## [Aim of the task]
Leave out every picture and set down, exactly, the lines below from the one holding "Cloudのデータ検索(SPL基本構文) | https://security-blog-it.com/44602 |" up to and including the one holding "- CUBIERTA DE".

## [Dataset records]

::::::::

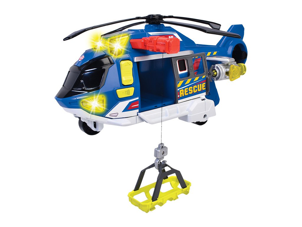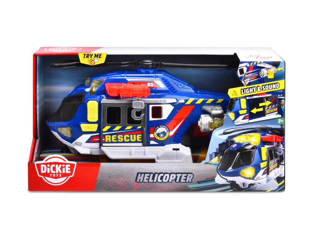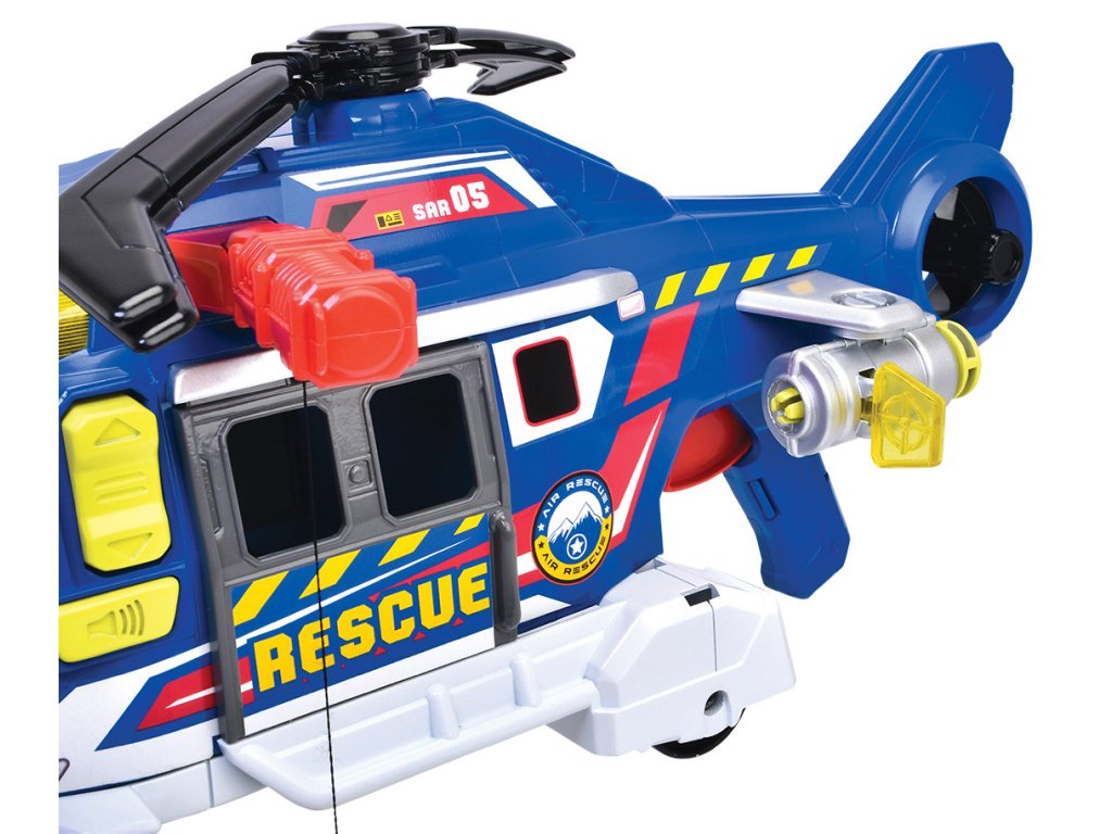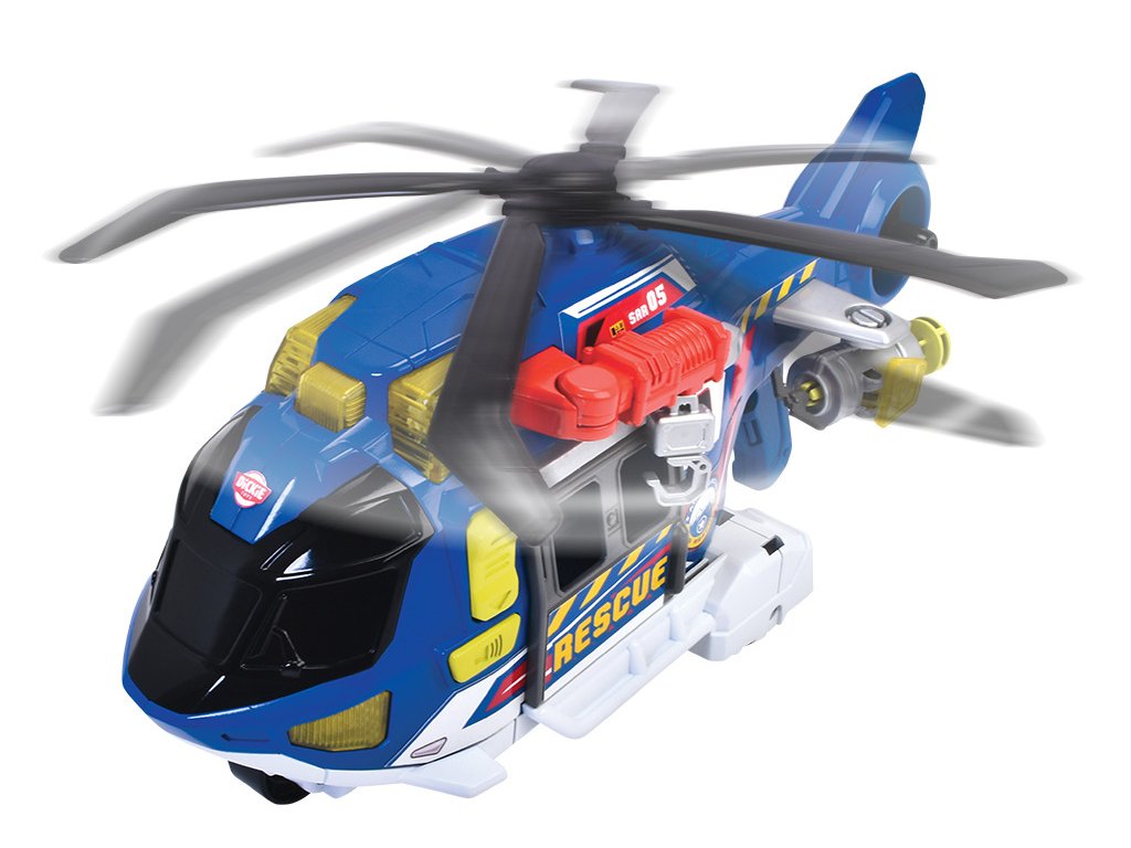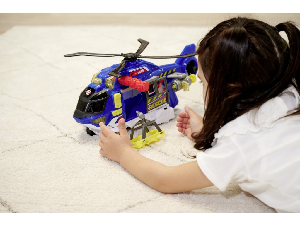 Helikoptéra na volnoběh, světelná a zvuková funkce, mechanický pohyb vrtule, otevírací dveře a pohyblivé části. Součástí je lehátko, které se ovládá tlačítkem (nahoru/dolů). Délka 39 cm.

::::::::

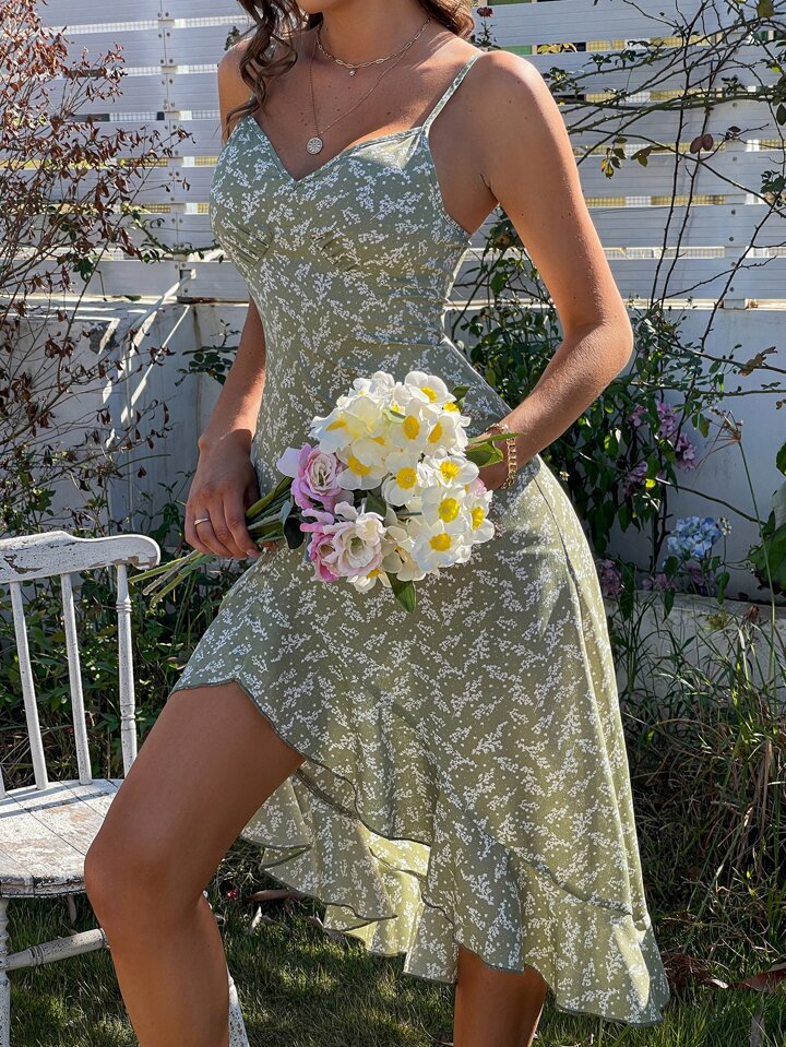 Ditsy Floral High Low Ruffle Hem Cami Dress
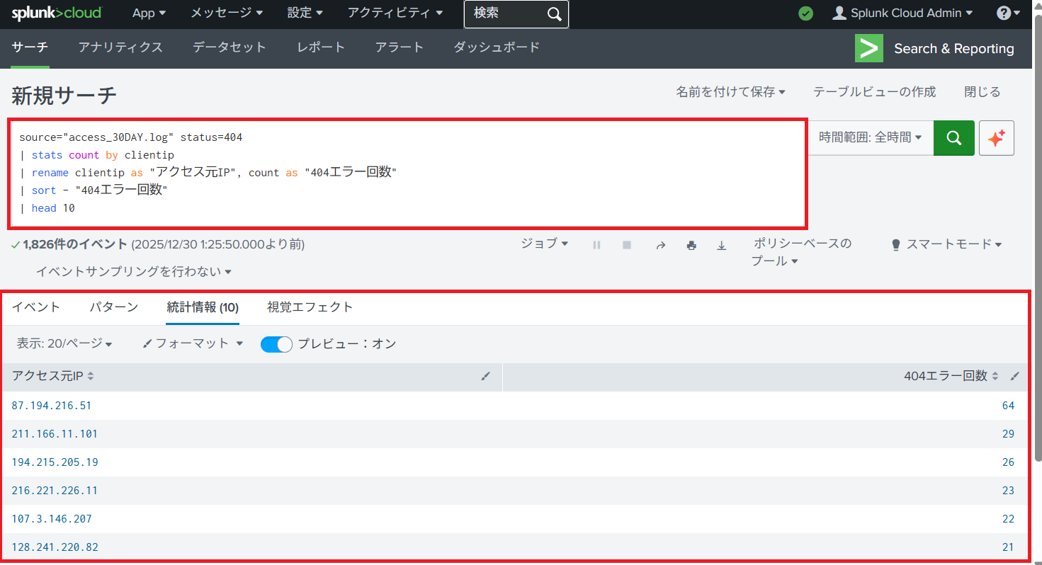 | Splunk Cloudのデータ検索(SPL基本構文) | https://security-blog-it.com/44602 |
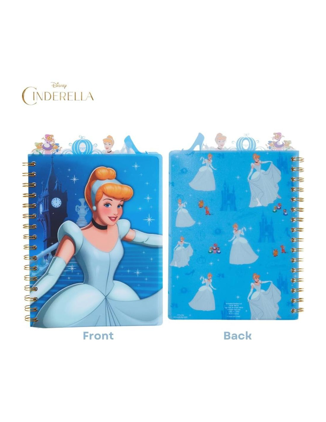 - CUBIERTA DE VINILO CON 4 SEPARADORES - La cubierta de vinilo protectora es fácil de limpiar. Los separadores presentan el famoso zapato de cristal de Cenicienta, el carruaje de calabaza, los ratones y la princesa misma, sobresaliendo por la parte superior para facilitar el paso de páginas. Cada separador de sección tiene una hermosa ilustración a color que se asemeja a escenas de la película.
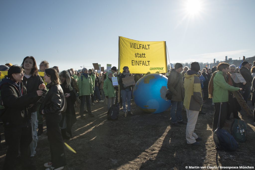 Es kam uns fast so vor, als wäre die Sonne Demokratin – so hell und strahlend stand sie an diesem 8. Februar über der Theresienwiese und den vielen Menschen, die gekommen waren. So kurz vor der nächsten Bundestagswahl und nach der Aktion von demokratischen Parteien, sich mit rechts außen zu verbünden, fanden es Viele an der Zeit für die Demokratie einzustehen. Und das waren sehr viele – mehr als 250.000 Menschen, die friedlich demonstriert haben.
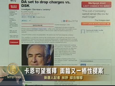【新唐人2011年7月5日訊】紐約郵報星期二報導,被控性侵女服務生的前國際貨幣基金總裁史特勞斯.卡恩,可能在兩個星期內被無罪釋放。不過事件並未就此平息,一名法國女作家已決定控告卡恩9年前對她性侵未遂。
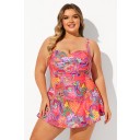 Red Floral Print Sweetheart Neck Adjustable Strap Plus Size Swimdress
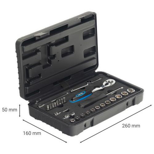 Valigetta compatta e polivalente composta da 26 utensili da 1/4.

::::::::

## [Result for this task]
 | Splunk Cloudのデータ検索(SPL基本構文) | https://security-blog-it.com/44602 |
 - CUBIERTA DE VINILO CON 4 SEPARADORES - La cubierta de vinilo protectora es fácil de limpiar. Los separadores presentan el famoso zapato de cristal de Cenicienta, el carruaje de calabaza, los ratones y la princesa misma, sobresaliendo por la parte superior para facilitar el paso de páginas. Cada separador de sección tiene una hermosa ilustración a color que se asemeja a escenas de la película.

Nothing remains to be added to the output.